▶ _WORK INSTRUCTION_: Please, from the entries below, transcribe exactly the lines that begin at the line with "随后,师生走进基地数字生态成" and end at the line with "男士款 法拉利跑车 红色跑车 红黑色系 翻糖 奶油蛋糕", without the pictures.

___ AVAILABLE DATA

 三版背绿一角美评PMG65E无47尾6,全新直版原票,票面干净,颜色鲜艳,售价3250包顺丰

______
___ AVAILABLE DATA

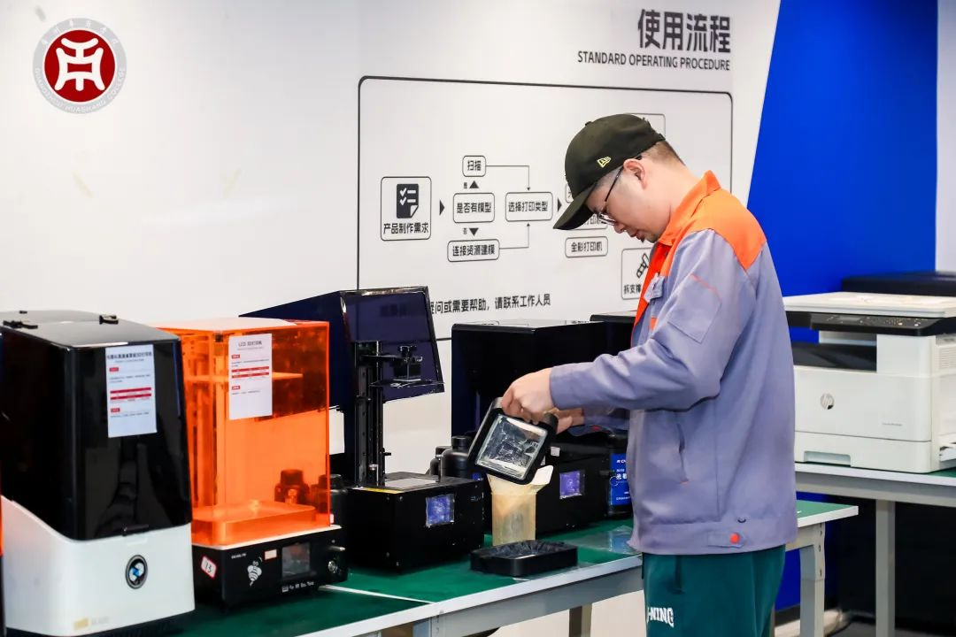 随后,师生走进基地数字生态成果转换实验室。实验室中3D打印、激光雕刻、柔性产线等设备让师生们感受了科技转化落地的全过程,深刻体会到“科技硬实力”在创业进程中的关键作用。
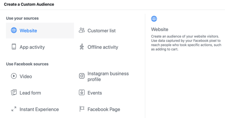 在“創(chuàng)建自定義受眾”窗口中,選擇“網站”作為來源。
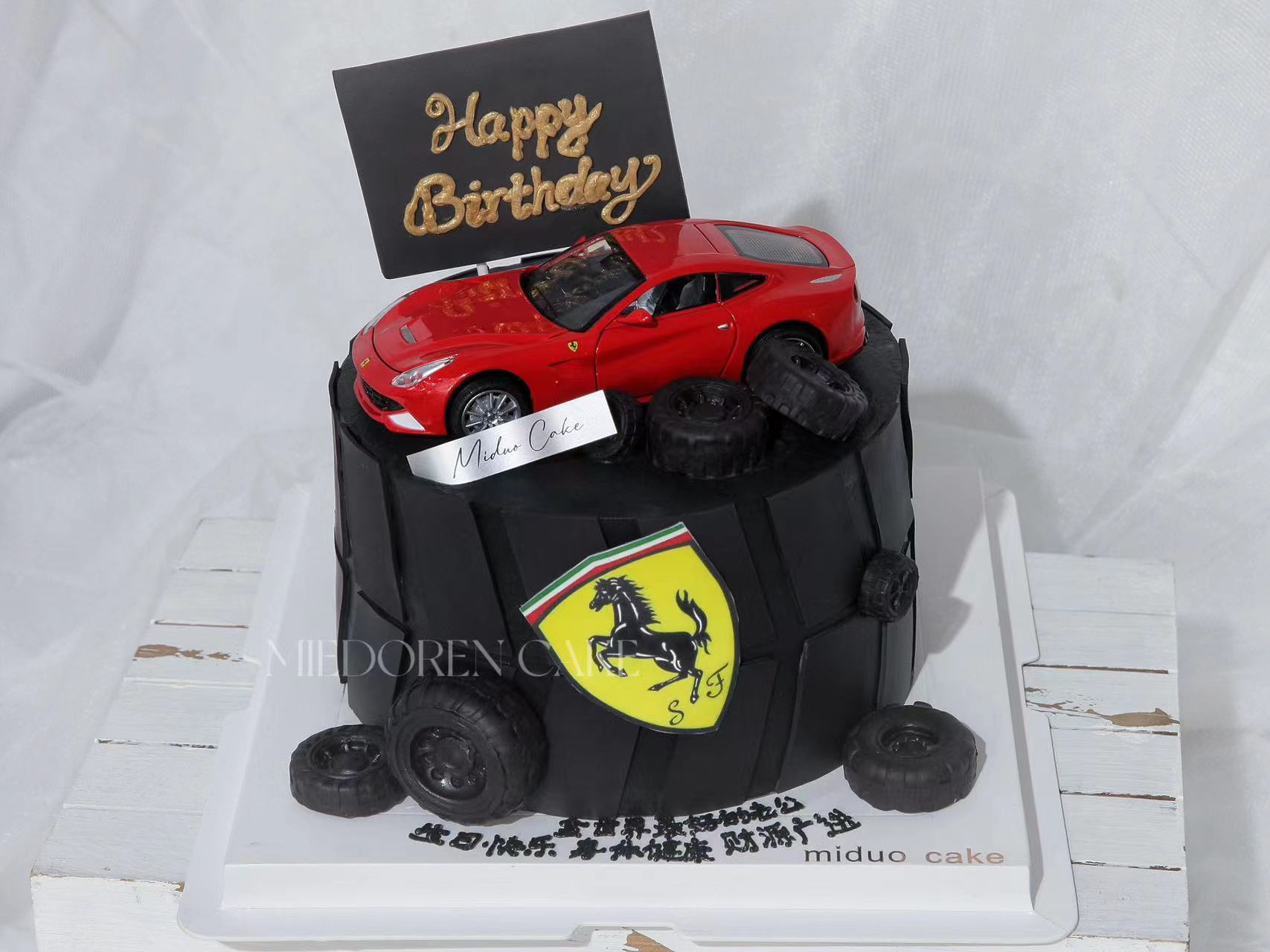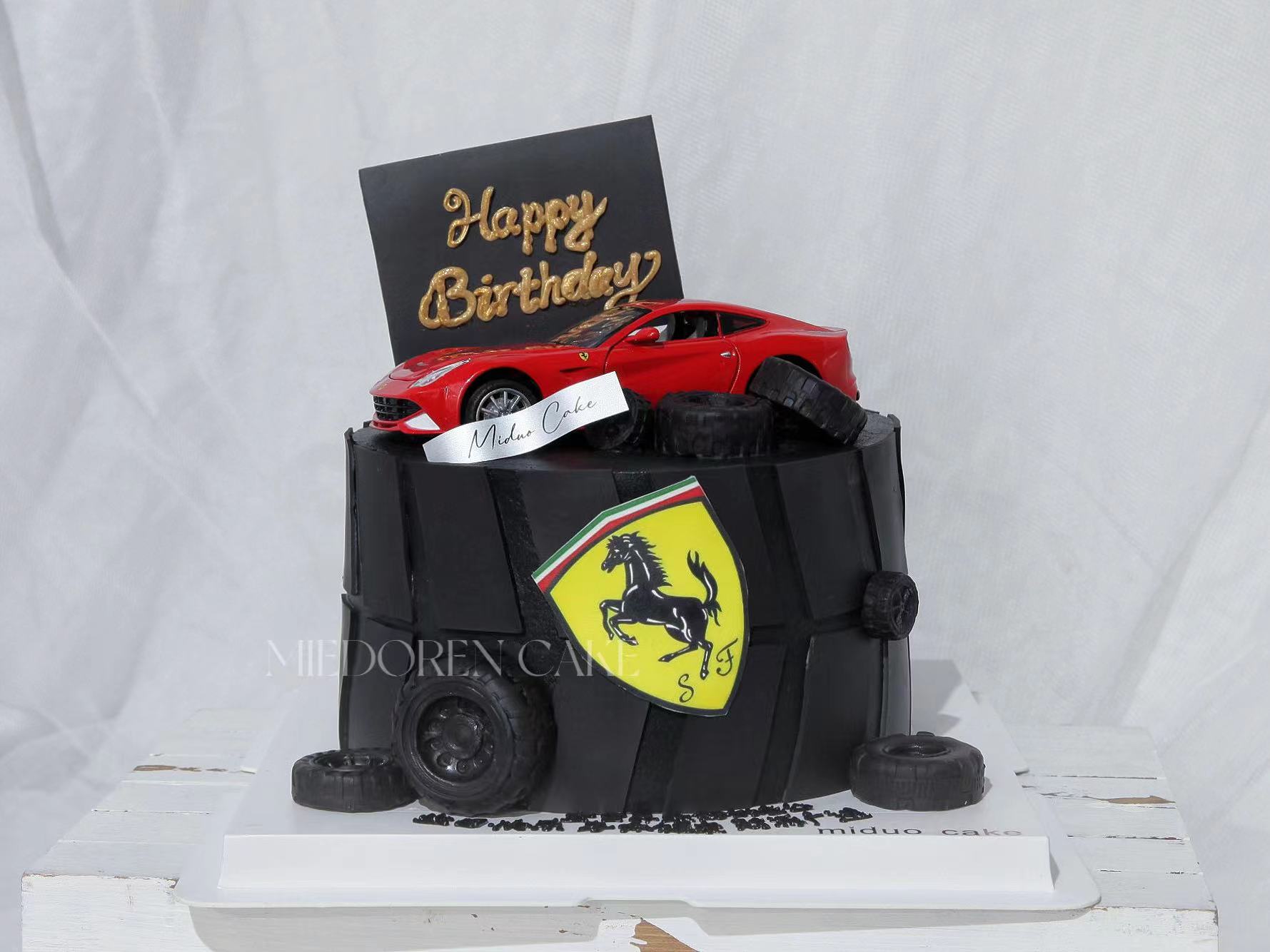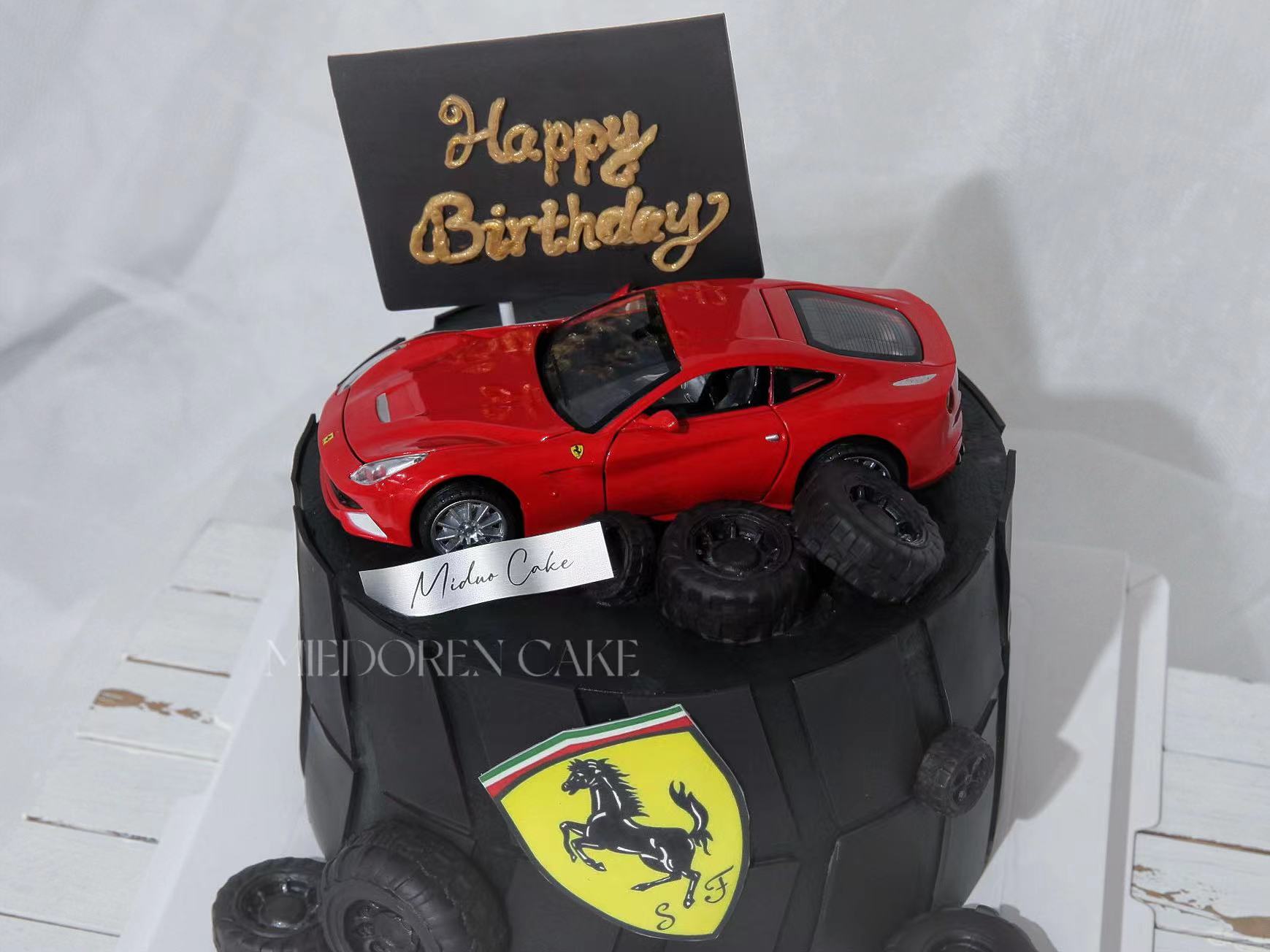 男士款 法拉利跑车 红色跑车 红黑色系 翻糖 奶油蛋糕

______

▶ _YOUR RESPONSE_:
 随后,师生走进基地数字生态成果转换实验室。实验室中3D打印、激光雕刻、柔性产线等设备让师生们感受了科技转化落地的全过程,深刻体会到“科技硬实力”在创业进程中的关键作用。
 在“創(chuàng)建自定義受眾”窗口中,選擇“網站”作為來源。
 男士款 法拉利跑车 红色跑车 红黑色系 翻糖 奶油蛋糕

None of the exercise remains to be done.